"""

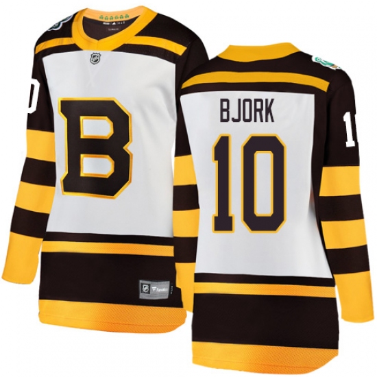 >Women's Boston Bruins #10 Anders Bjork White 2019 Winter Classic Fanatics Branded Breakaway NHL Jersey
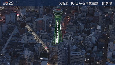大阪モデルが7日連続で達成されたことをうけ14日夜、通天閣と太陽の塔は緑色にライトアップされました。吉村知事は14日夜の対策会議で16日午前0時から商業施設や大学などのほか一定の基準を満たしている劇場や映画館、運動施設などの休業要請を解除することを決めました。
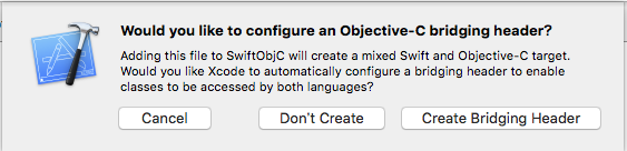 このあと「SwiftとObjective-Cをブリッジ(橋渡し)するHeaderを作るか」と確認を求められるので "Create Bridging Header" を選択します。 ブリッジングヘッダーファイルの名前は「プロジェクト名-Bridging-Header.h」となります。
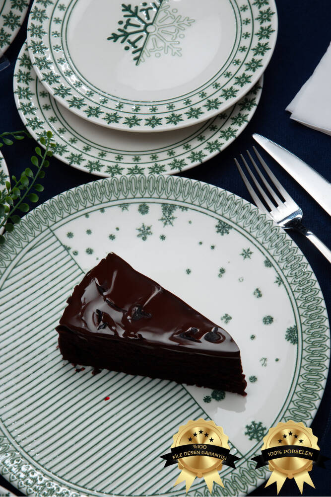 6lı Zümrüt 18 cm Porselen Pasta ve Tatlı Tabağı Seti - Zarif ve Modern Tasarım

"""

= ASSIGNMENT =
Up to and including the last line of the listing, starting at the line with "大阪モデルが7日連続で達成さ", extract every line exactly and leave out the pictures.

= TASK RESULT =
大阪モデルが7日連続で達成されたことをうけ14日夜、通天閣と太陽の塔は緑色にライトアップされました。吉村知事は14日夜の対策会議で16日午前0時から商業施設や大学などのほか一定の基準を満たしている劇場や映画館、運動施設などの休業要請を解除することを決めました。
 このあと「SwiftとObjective-Cをブリッジ(橋渡し)するHeaderを作るか」と確認を求められるので "Create Bridging Header" を選択します。 ブリッジングヘッダーファイルの名前は「プロジェクト名-Bridging-Header.h」となります。
 6lı Zümrüt 18 cm Porselen Pasta ve Tatlı Tabağı Seti - Zarif ve Modern Tasarım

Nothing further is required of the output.